Не зря хотел зрелища герр комендант: на проволоке были убиты многие — эсэсовцы из числа любопытных или не осторожных; и узники-самоубийцы. Ладонь НКВДиста, как на погон на плече товарища, легла на шляпку опорного изолятора. Стала босая ступня, на изолятор внизу. Человек получил опору, и шагнул вверх, в безмолвии сотен людей, затаивших дыхание. Человек поднимался, и уходил. Он поднялся на верх, на вершину, остановился и посмотрел на немцев.

Перейти на другую сторону — это побег. Без команды, в любой момент прогремит автоматная очередь.

Комендант выругался, и что-то сказал переводчику.

— Дальше. Теперь давай дальше! — велел переводчик.

Теперь человек шел лицом к лагерю, и опускался вниз по ту сторону. Он мог погибнуть у всех на глазах, от удара током. Мог, коснувшись земли за колючкой, быть убитым, как совершивший побег. Но он просил, и ему обещал комендант, не убивать заложников.

Он коснулся земли. Стоял за чертой, по ту сторону, но автоматы молчали.

— Кто еще может так? — спросил переводчик. Усмехнувшись, он подождал, глядя на всех, кто в строю, и подытожил, — Никто?!

Обернувшись к начальству, перешел на немецкий.

— Расходиться! — сказал он через минуту.

Пустел аппельплац, а за колючкой, встав на колено, массировал руки НКВДист. Мирка терял его, не успев обрести; не узнав, почему он спрашивал про Аэлиту?
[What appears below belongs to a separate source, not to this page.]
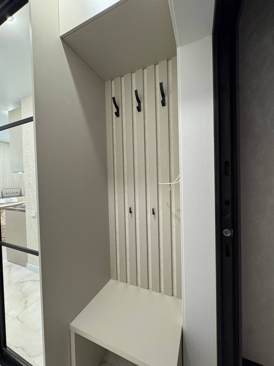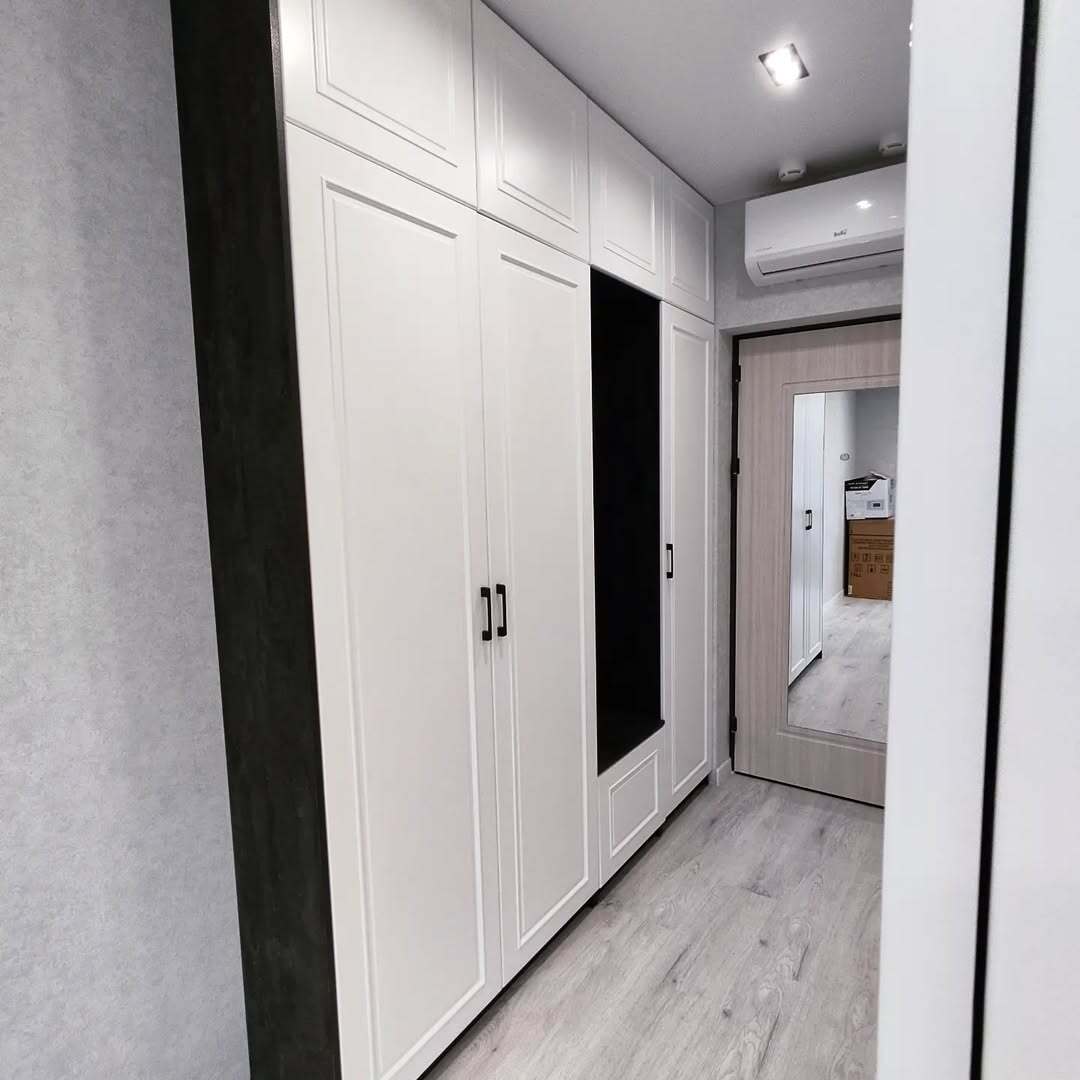 та же квартира. решение для хранения в небольшой студии, где шкаф был единственным местом для организации пространства. Мы разработали распашной шкаф в стиле современной городской классики, который гармонично вписался в интерьер и максимально эффективно использует пространство.

Зачем он массировал руки, если будет сейчас убит... Уходил единственный, тот, кто мог придать смысл Миркиной жизни. Даже на тех пятерых, убитых, в обиде был Мирка: из-за них погибал герой…

***

Мирка снова убрал дощечки, как только Ваня благополучно прополз под проволокой. Они долго ползли, а потом, осмотревшись, пошли перебежками, чтобы припав к земле, вновь ожидать всего что угодно. Опасность не замечала их. Продолжалась бомбежка. И не только там, позади, падали с серебристых крестиков бомбы. В округе, по горизонту везде было то же.

— А не поймает нас этот? — поинтересовался Ваня, — На работах у нас каждый день убивают…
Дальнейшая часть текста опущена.